There’s a great interview on TheRumpus.net with an anonymous Facebook employee. Here are some of the things she divulges:

  • As of a few months ago, Facebook records and archives information on whose profile you view. (Apparently this was already publicly known.)
  • Facebook has 200-220 million active users, and more than 300 million total accounts, including disabled accounts and potential fakes.
  • At one point, Facebook staff widely used a “master password” that unlocked access to anyone’s account. Use of this password has been “deprecated,” i.e. discouraged, implying the password might still exist and work. What was the password? “With upper and lower case, symbols, numbers, all of the above, it spelled out ‘Chuck Norris,’ more or less. It was pretty fantastic.”
  • The Facebook employee is aware of at least two coworkers being fired for abusing their access to profiles; the employee herself also inappropriately access profiles.
  • Facebook employees can “just query the database” to find your Facebook messages.

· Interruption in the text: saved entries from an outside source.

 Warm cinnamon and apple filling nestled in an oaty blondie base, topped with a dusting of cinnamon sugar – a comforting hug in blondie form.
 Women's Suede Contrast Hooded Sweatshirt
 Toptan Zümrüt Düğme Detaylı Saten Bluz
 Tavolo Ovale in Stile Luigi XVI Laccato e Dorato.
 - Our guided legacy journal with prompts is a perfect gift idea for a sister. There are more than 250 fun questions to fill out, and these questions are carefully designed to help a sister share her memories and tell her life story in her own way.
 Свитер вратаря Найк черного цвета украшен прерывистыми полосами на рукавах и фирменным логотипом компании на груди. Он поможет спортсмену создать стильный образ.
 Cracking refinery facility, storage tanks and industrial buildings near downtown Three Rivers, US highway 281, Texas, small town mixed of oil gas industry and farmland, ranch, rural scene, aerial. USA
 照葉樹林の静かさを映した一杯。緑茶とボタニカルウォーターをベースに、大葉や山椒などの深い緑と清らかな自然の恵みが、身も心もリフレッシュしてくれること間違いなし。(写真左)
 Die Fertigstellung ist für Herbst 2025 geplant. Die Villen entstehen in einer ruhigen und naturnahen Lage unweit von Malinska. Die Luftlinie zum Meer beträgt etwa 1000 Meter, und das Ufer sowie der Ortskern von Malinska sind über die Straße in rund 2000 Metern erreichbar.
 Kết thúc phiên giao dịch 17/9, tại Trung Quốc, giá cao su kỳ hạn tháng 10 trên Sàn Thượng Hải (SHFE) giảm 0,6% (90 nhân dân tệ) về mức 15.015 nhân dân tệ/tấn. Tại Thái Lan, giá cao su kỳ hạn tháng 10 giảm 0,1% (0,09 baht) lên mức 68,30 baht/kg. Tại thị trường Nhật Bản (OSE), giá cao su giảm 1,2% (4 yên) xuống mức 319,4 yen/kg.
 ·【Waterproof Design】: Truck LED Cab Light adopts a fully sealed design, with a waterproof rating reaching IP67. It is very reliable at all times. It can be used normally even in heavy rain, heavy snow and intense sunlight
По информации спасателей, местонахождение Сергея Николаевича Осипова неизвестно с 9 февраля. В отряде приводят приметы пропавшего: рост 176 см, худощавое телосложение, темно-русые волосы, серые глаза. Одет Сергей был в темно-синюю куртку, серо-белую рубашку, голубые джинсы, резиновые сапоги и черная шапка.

The picture that emerges is one of loose internal controls on private data access. Sure, the master password has been replaced by a system in which Facebook staff must log a justification when they view users’ private profile data. But the employee said managers aren’t “on your ass about it,” leaving the door open for situations like this one:

When I first started working there, yes — I used it to view other people’s profiles which I didn’t have permission to visit. I never manipulated their data in any way; however, I did abuse the profile viewing permission at several initial points when I started at Facebook.

It also sounds like controls are lax on Facebook’s backend database:

Your messages are stored in a database, whether deleted or not. So we can just query the database, and easily look at it without every logging into your account. That’s what most people don’t understand.

It seems safe to assume that if this particular employee obtained unauthorized account data, and knows of two other people who did, the practice has been reasonably widespread at Facebook, recent “crackdown” or not.

Sensitive data hoards inevitably attract attempts at unauthorized access. Whether it’s hospital employees peaking at celebrity medical records or federal workers abusing their wiretap access 100 times in two tears (dubiously claiming it was an “accident”), people confronted with a pile of information feel compelled to start digging.

The best protection for a user: Throw as little as possible onto the pile.